The 2011 Range Rover Supercharged interior is luxurious, comfortable and a great place to stay. Leather is used extensively on major surfaces, in a wide choice of colors. There is contrast stitching on seats, center console and door panels. The quality levels and the used materials are of a high standard and provide a sumptuous feel of the interior architecture. The center piece of the dashboard is a touch screen providing general infotainment, information on the attitude of the suspension and access to the navigation system, radio and Surround Camera System. The system includes five digital cameras relaying to the touch screen a near 360-degree view from the vehicle. The cameras, which support easier parking, towing and off-road maneuvering, function immediately as the vehicle is started, and have options for selecting and zooming in to assist with close quarter parking and with towing.

The five inch Thin Film Transistor (TFT) driver information LCD screen within the instrument cluster displays key information with relation to the Terrain Response System, radio settings and navigation system. The standard audio system now comprises 240-watt harman/kardon electronics and amplifiers and nine speakers (including subwoofer), an extra Premium Audio includes 480-watt harman/kardon digital surround sound, thirteen speakers plus subwoofer, HD radio, and satellite radio.

Other highlights on the list are the Blind Spot Monitoring system, Adaptive Cruise Control, Adaptive front lighting with Automatic High Beam Assist and Keyless Entry.

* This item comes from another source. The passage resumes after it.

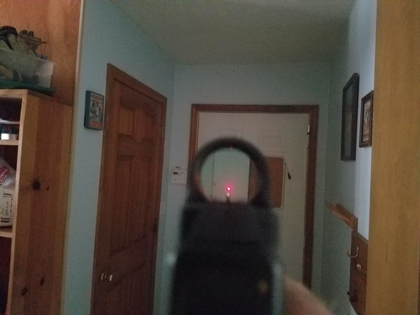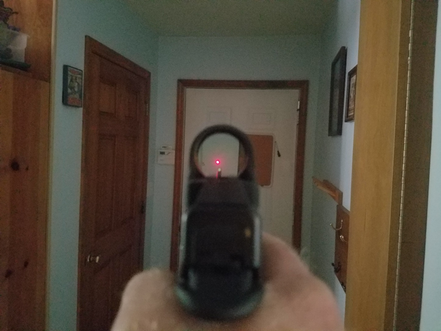 Photo 2 – Closer view; note that the rear sight is blurry, while the red dot and target (door, 12 feet away) are clearly in focus. The green tritium-tipped front sight is slightly blurry. A key advantage of MRDOs is allowing the shooter to maintain focus on the target, without needing to transition focus back to the front sight before shooting. Improved speed and accuracy is the result.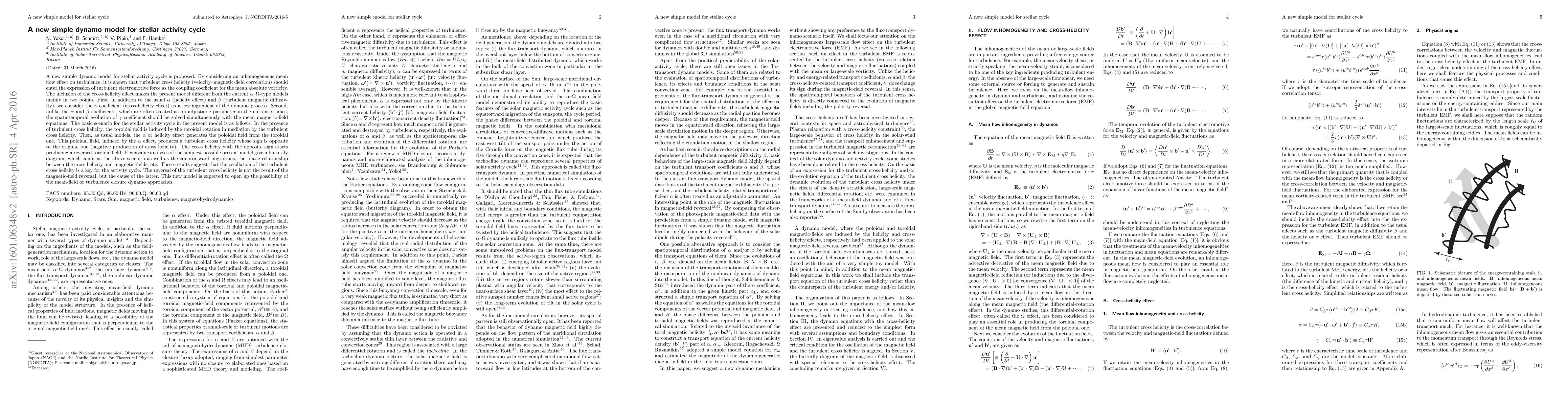 A new dynamo model for stellar activity cycles is proposed, incorporating turbulent cross helicity (velocity-magnetic-field correlation) as a key factor. This model introduces a $gamma$ coefficient alongside $alpha$ and $eta$, solving its spatiotemporal evolution with mean magnetic-field equations. The model explains activity cycle oscillations, with turbulent cross helicity reversal causing magnetic field reversals, not the other way around.

Road Test Range Rover Sport Supercharged 01

The 2011 Range Sport Supercharged is rather an evolution than a revolution with respect to its predecessor, but in any of the handling and steering characteristics it feels like a revolutionary step forward leaving no questions unasked and us with a feeling that the Sport is the one of the best handling Range Rover’s available to date. It is like a tank that was specifically designed for taking slaloms on- and off-road in any type of situation.

In the end the Sport boasts a decent level of off-road ability, and the acceleration and handling now deliver more of the verve promised by the name. The off-road capabilities are at the highest standard currently available in the market, but much of the competition is better to drive on normal roads. The combination between the off-road and on-road setup creates a vehicle, which completely covers the characteristics of a true SUV wearing an elegant, high-quality and tailor-made suit.